Anton Kotenko is a research fellow at the Chair of Eastern European History of the University of Düsseldorf. His recent publications include “Ukrainians as ‘Aliens’ (Inorodtsy): Governmental Regulation of Ukrainian Cultural Associations, 1905–17” published in March in Russian Review, and “For Fame and Fortune: The Origins of St Petersburg’s Zoo” forthcoming in Urban History. Currently he is finalising a book manuscript entitled “In Search of Ukraine: A Conceptual History of Nationalism, 1840s–1921” and is starting a new project “Zootopia: History of Zoological Gardens in the Romanov Empire.”


Maryna Paliienko is a Doctor of Historical Sciences and head of the Department of Archival Science and Special Branches of History at Taras Shevchenko National University. She is also editor-in-chief of the journal Archives of Ukraine and is the author of several monographs and numerous scholarly articles on archival theory, history, and practice; the role of the Ukrainian diaspora in the preservation of cultural heritage; and the digital transformation of Ukrainian archives and their visibility in the modern information space. Thanks to a grant from the Fulbright Program, she is currently conducting research in the United States at New York University on the topic “Archives in the Time of War and Emergency: Problems of the Cultural Heritage Preservation and Usage (from the Experience of the USA and Ukraine)”.

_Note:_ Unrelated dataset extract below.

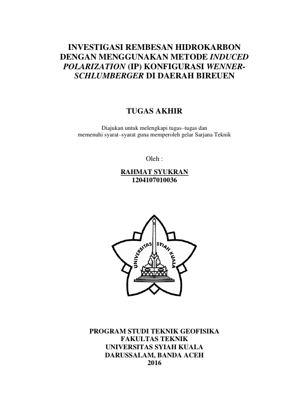 Baca Juga : IDENTIFIKASI STRUKTUR BAWAH PERMUKAAN JEMBATAN LAMNYONG, DARUSSALAM MENGGUNAKAN METODE INDUCED POLARIZATION (IP) (ZAHDATUL AINUN, 2018)
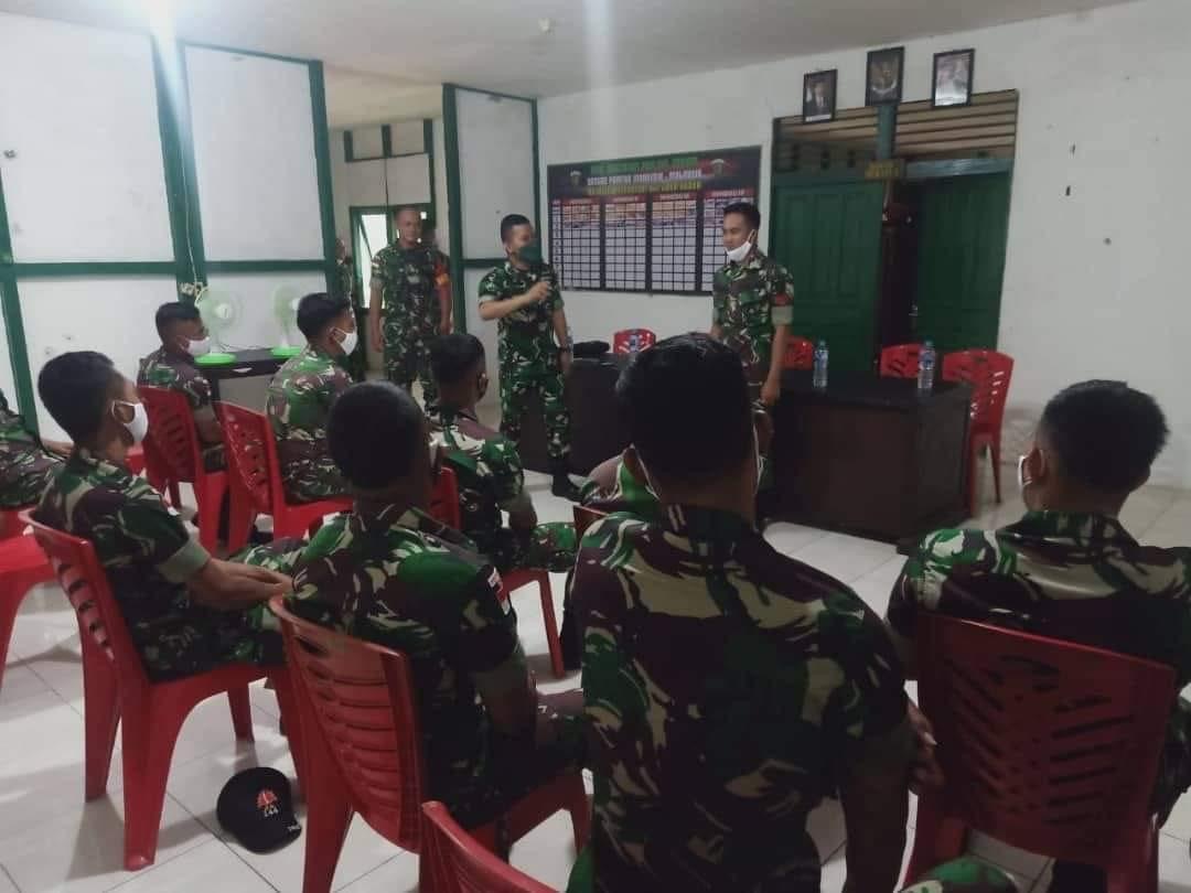 Sei Tekam,-Anggota Satgas Pamtas RI-Malaysia Yonif 144/JY menerima Dalwas dan Monitoring kondisi Psikologi Satgas Ops dalam Negeri di desa Sei Tekam Kecamatan Sekayam Kabupaten Sanggau

Martin Rohde is a senior post-doc at the University of Vienna, funded by the Austrian Science Fund(FWF) with the project “Transregional Region-Making in the Eastern Carpathians. Ukrainian Knowledge Production and its Challenges, 1921–1939”. Rohde studied History and Slavic Studies in Salzburg and Göttingen, and received a PhD in history from the University of Innsbruck in 2020 with a dissertation called “National Science Between Two Empires. Shevchenko Scientific Society, 1892-1918”. Former workplaces include universities of Innsbruck and Halle/Wittenberg, the Historical Institute of the Czech Academy of Sciences and the Institute for East and Southeast European Studies in Regensburg. His research interests include history of science and knowledge, history of photography, approaches to postcolonial, imperial and spatial history with a focus on Ukraine, the Habsburg and Russian Empires, Poland and Czechoslovakia.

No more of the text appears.